A review by mpho3
The Hooligan's Return: A Memoir by Norman Manea

4.0

Manea's memoir makes for very dense reading but is a fascinating account of a Jewish Romanian writer who survived his family's deportation during WWII to the concentration camps of Transnistria only to live through the Romania's Stalinist 1950s and the horrors of Nicolae Ceaușescu's totalitarian reign before eventually emigrating to the United States.

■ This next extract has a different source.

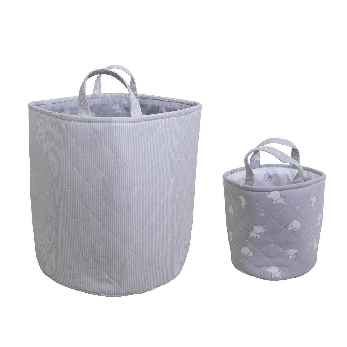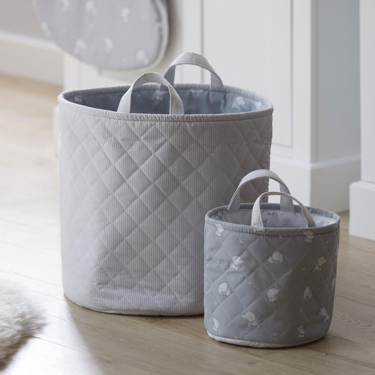 This pack of two storage bags from the Tiny But Mighty range are printed with two different designs of the elephant pattern in a soft grey colourway. Complete with handles, these round storage bags also come as two different sizes and are beautifully quilted.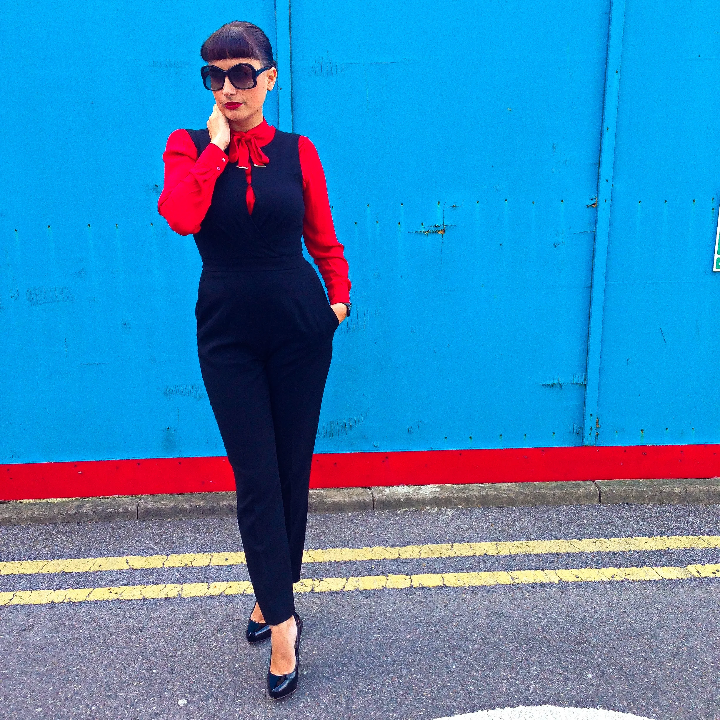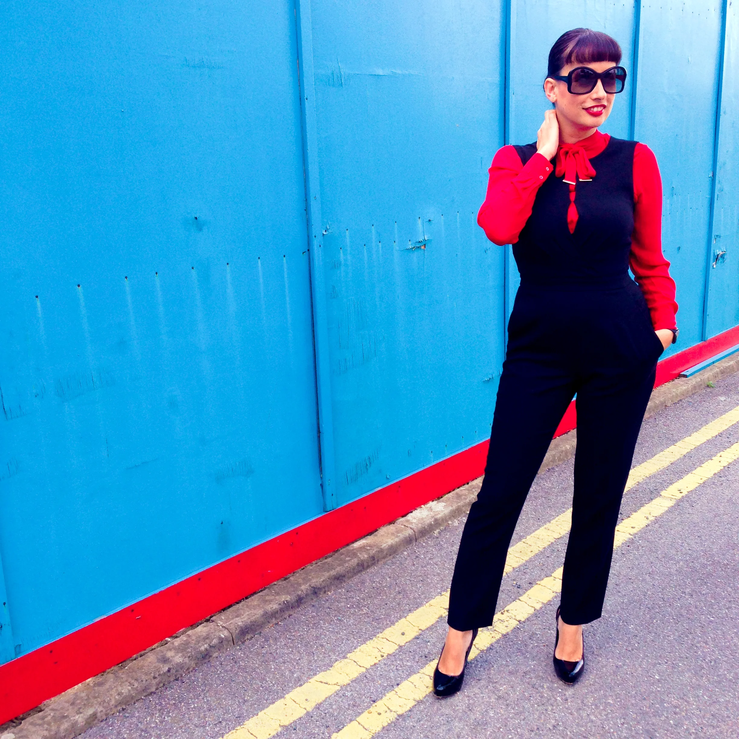 This type of garment is very versatile. It can be worn dressed down or dressed up depending on what you choose to wear with it. For this post I chose to dress it up, adding a red pussy bow blouse and high heels but you can easily dressed it down with a t-shirt underneath and a pair of nice trainers.

Despite the many hardships encountered in his home country, Manea's experience abroad has been one of an exile from his language. As Carla Baricz, explains in the LA Review of Books, "What makes The Hooligan’s Return such a unique and celebrated memoir is that it rejects its own form in a way that invokes the complexities of the genre. The book does not read like biography. The 'facts' act only as anchoring points to a larger theme: Manea’s relationship to his mother tongue, and the way a writer, especially one in exile, invents him/herself out of language. Indeed, the memoir is as much about the necessity and the cost of retelling personal narratives as it is about the past it evokes. The narrative structure of The Hooligan’s Return seeks various answers to this dilemma."

As such The Hooligan's Return is certainly an intellectual challenge. I am not very familiar with Romanian history and culture, but I could relate to his many questions about who we are as individuals, what makes us who we are, and to what purpose. The Hooligan's Return is a harrowing but successful experiment in creative nonfiction.